**Given material:**
+ + + + + + +
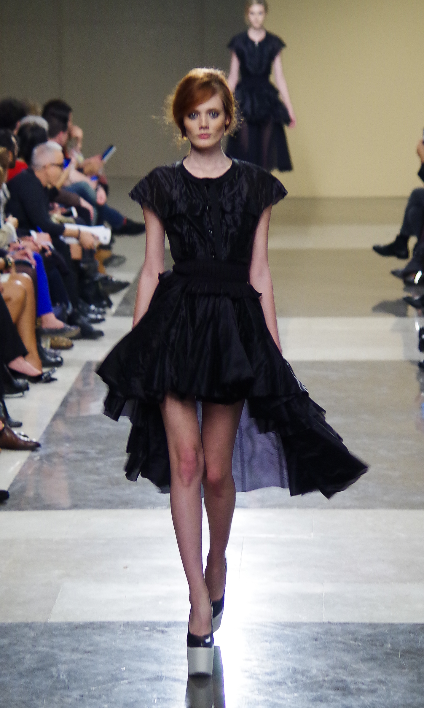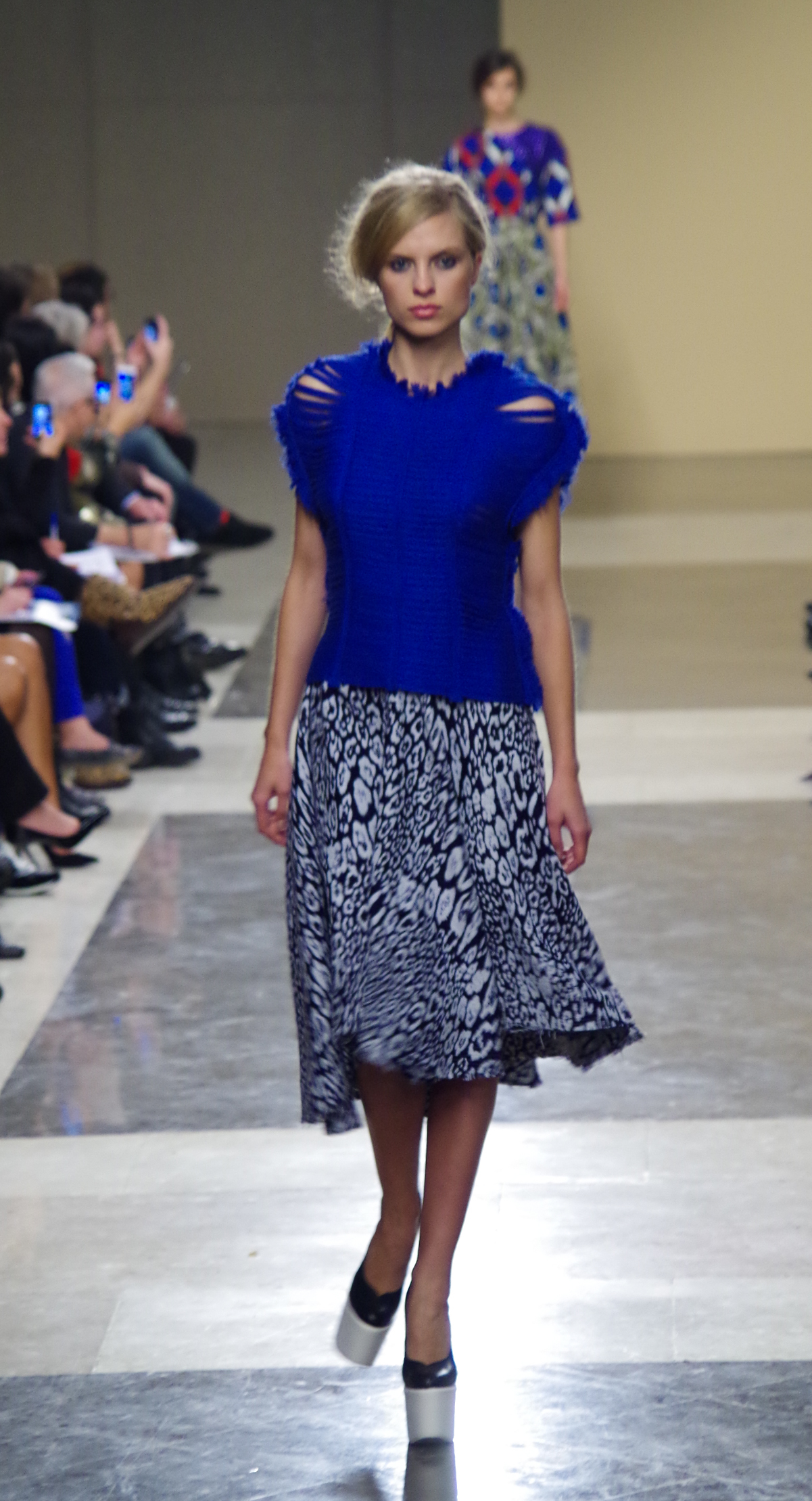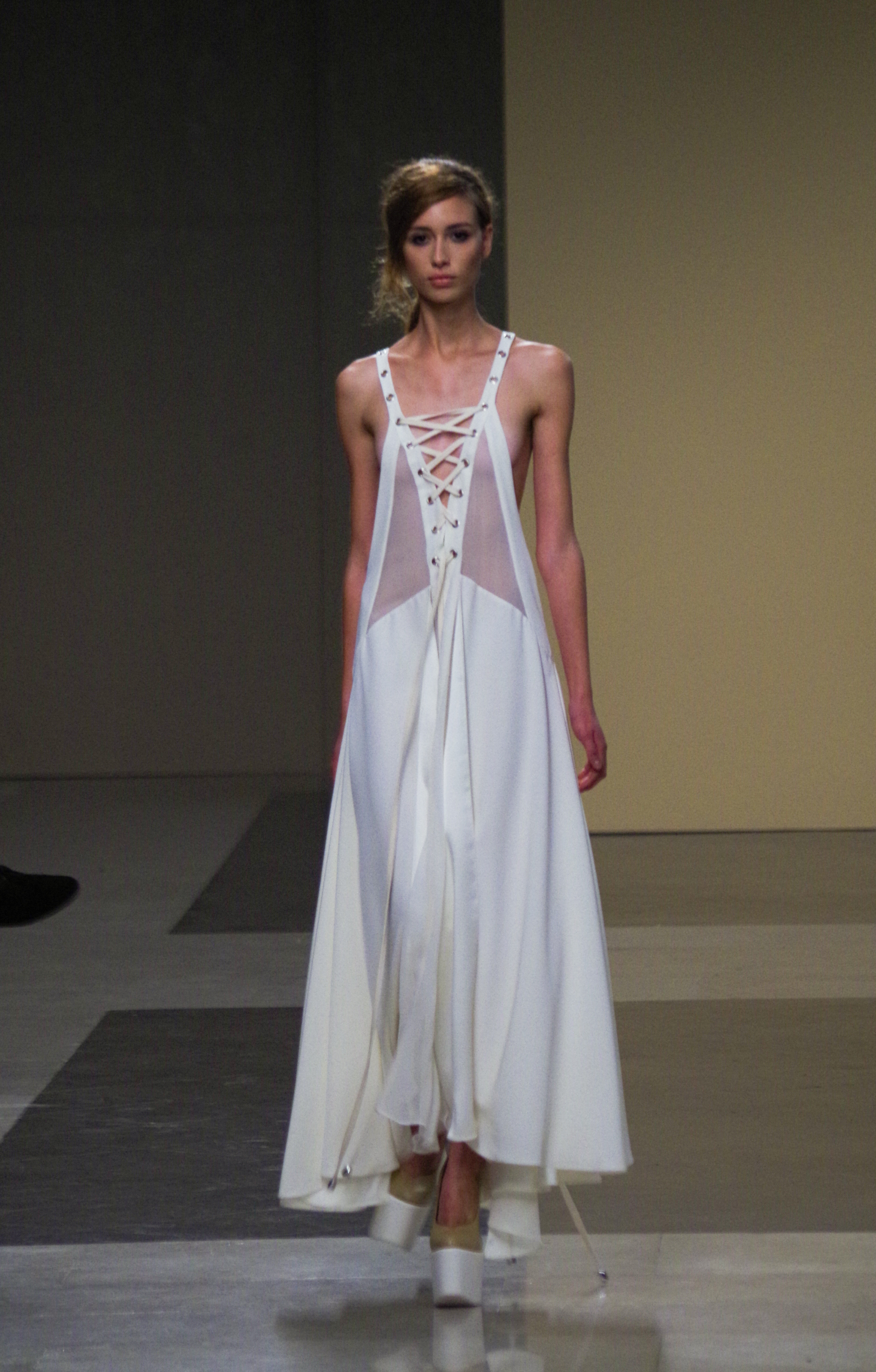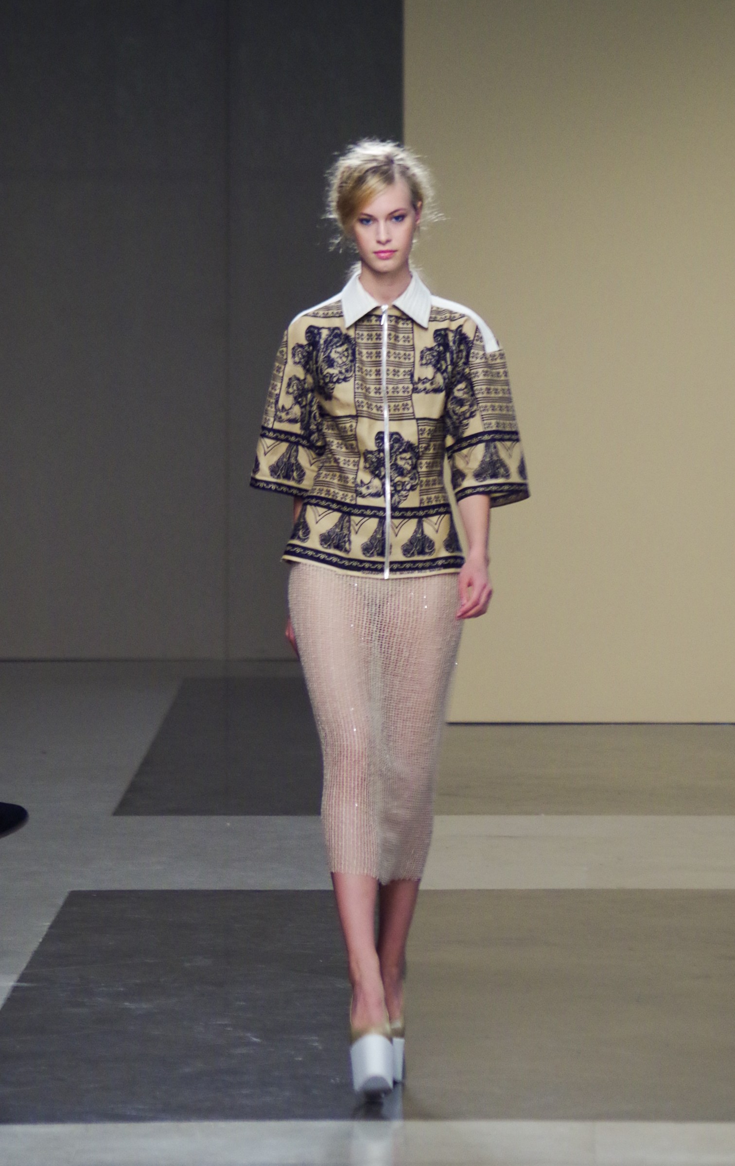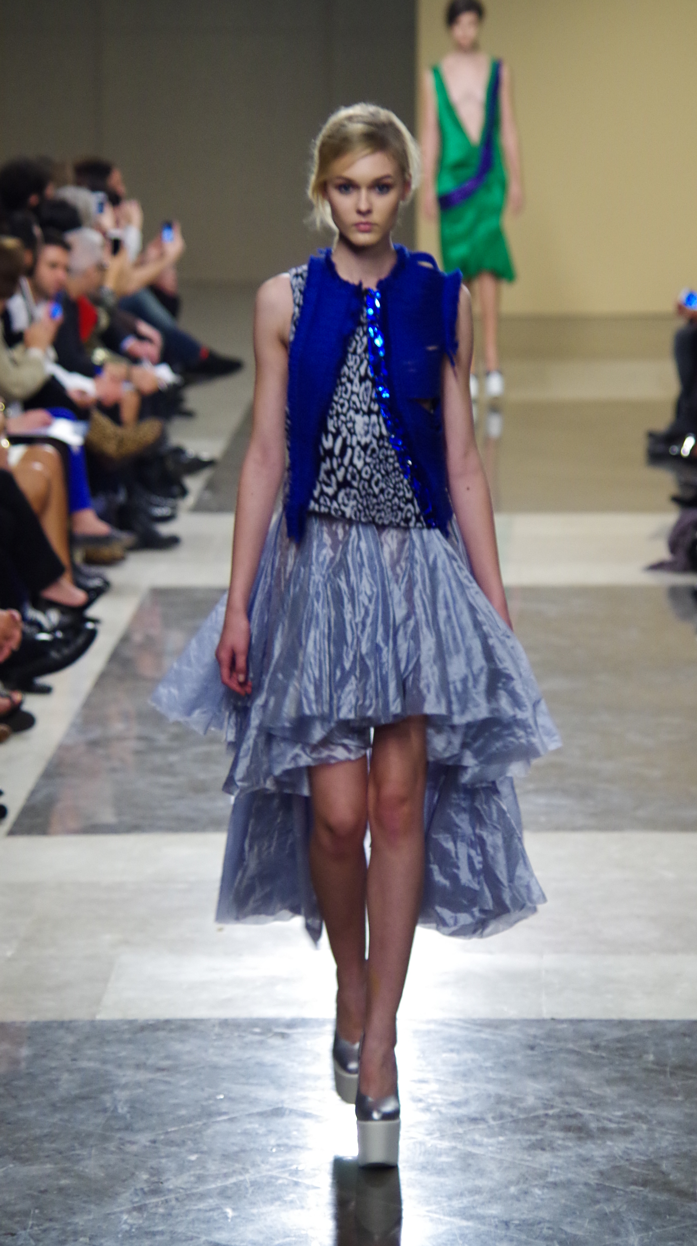 Une collection ultra-féminine jouant sur les matières, les lacets, les broderies, les vêtements déchirés. Des silhouettes modernes qui s’illuminent au grès des couleurs et des imprimés d’inspiration amérindienne pour finir sur un élan de noir.
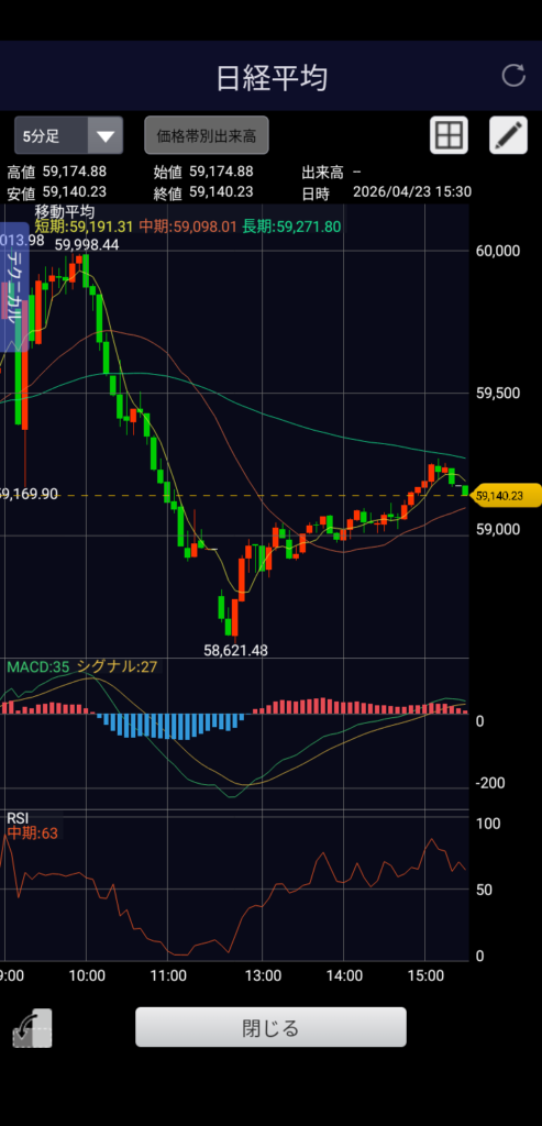 ・日経平均 59,140.23 前日比-445.63(-0.75%)
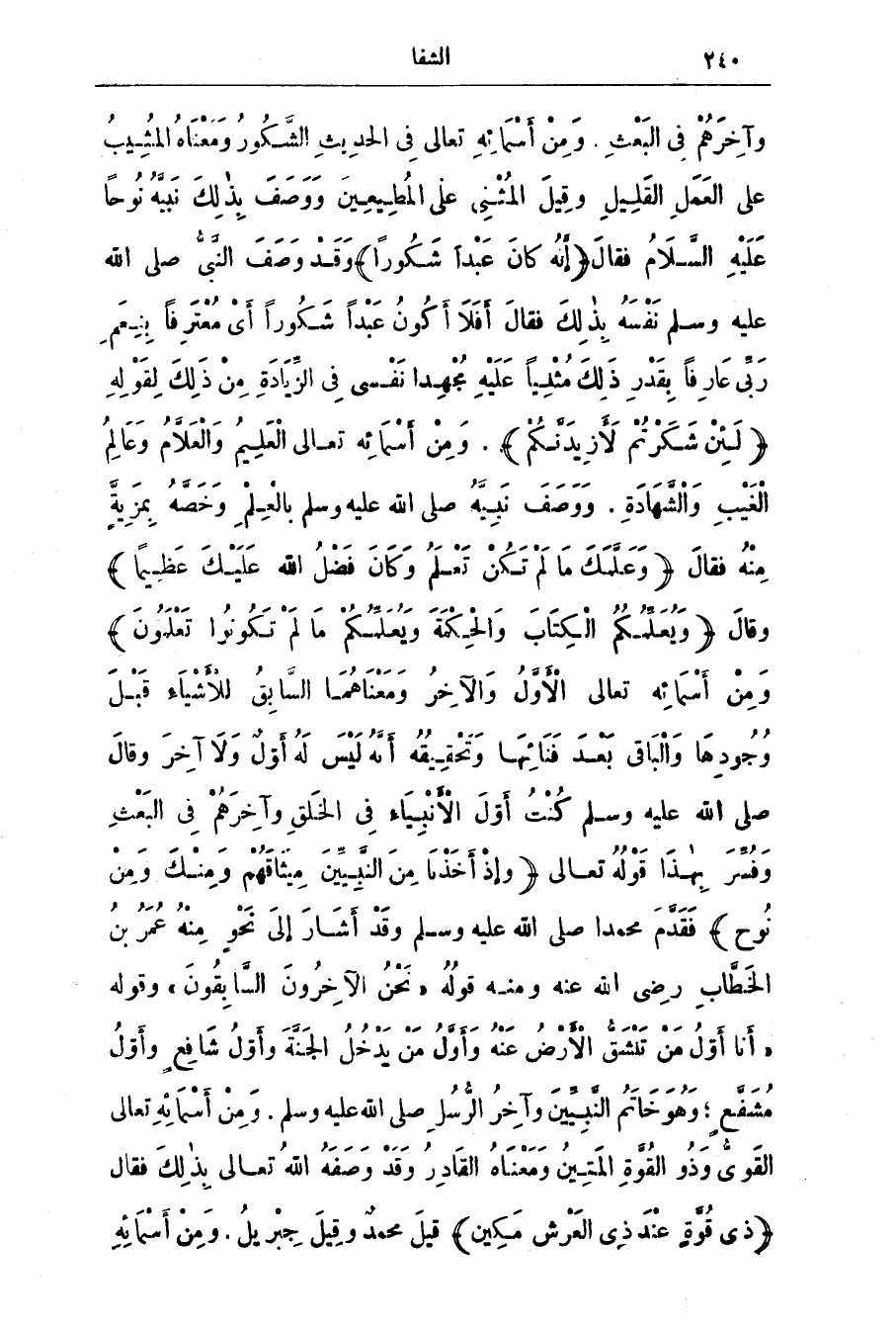 وَوَصَفَ نَبِيَّهُ صَلَّى اللَّهُ عَلَيْهِ وَسَلَّمَ بِالْعِلْمِ وَخصَّهُ بِمَزِيَّةٍ مِنْهُ فَقَالَ (وَعَلَّمَكَ مَا لَمْ تَكُنْ تَعْلَمُ وَكَانَ فَضْلُ اللَّهِ عَلَيْكَ عظيما) وَقَالَ (وَيُعَلِّمُكُمُ الْكِتَابَ وَالْحِكْمَةَ وَيُعَلِّمُكُمْ مَا لَمْ تَكُونُوا تَعْلَمُونَ) وَمِنْ أَسْمَائِهِ تَعَالَى الأَوَّلُ وَالآخِرُ وَمَعْنَاهُمَا السَّابِقُ لِلأَشْيَاءِ قَبْلَ وُجُودِهَا وَالْبَاقِي بَعْدَ فَنَائِهَا وَتَحْقِيقُهُ أَنَّهُ لَيْسَ لَهُ أَوَّلٌ وَلَا آخِرٌ وَقَالَ صَلَّى اللَّهُ عَلَيْهِ وَسَلَّمَ كُنْتُ أَوَّلَ الْأَنْبِيَاءِ فِي الْخَلْقِ وَآخِرَهُمْ فِي الْبَعْثِ وَفَسَّرَ بِهَذَا قَوْلَهُ تَعَالَى (وَإِذْ أَخَذْنَا مِنَ النَّبِيِّينَ مِيثَاقَهُمْ وَمِنْكَ وَمِنْ
+ + + + + + +
**Work task:** The answer should be an exact copy of the material, with its pictures removed.

**Written response:**
 Une collection ultra-féminine jouant sur les matières, les lacets, les broderies, les vêtements déchirés. Des silhouettes modernes qui s’illuminent au grès des couleurs et des imprimés d’inspiration amérindienne pour finir sur un élan de noir.
 ・日経平均 59,140.23 前日比-445.63(-0.75%)
 وَوَصَفَ نَبِيَّهُ صَلَّى اللَّهُ عَلَيْهِ وَسَلَّمَ بِالْعِلْمِ وَخصَّهُ بِمَزِيَّةٍ مِنْهُ فَقَالَ (وَعَلَّمَكَ مَا لَمْ تَكُنْ تَعْلَمُ وَكَانَ فَضْلُ اللَّهِ عَلَيْكَ عظيما) وَقَالَ (وَيُعَلِّمُكُمُ الْكِتَابَ وَالْحِكْمَةَ وَيُعَلِّمُكُمْ مَا لَمْ تَكُونُوا تَعْلَمُونَ) وَمِنْ أَسْمَائِهِ تَعَالَى الأَوَّلُ وَالآخِرُ وَمَعْنَاهُمَا السَّابِقُ لِلأَشْيَاءِ قَبْلَ وُجُودِهَا وَالْبَاقِي بَعْدَ فَنَائِهَا وَتَحْقِيقُهُ أَنَّهُ لَيْسَ لَهُ أَوَّلٌ وَلَا آخِرٌ وَقَالَ صَلَّى اللَّهُ عَلَيْهِ وَسَلَّمَ كُنْتُ أَوَّلَ الْأَنْبِيَاءِ فِي الْخَلْقِ وَآخِرَهُمْ فِي الْبَعْثِ وَفَسَّرَ بِهَذَا قَوْلَهُ تَعَالَى (وَإِذْ أَخَذْنَا مِنَ النَّبِيِّينَ مِيثَاقَهُمْ وَمِنْكَ وَمِنْ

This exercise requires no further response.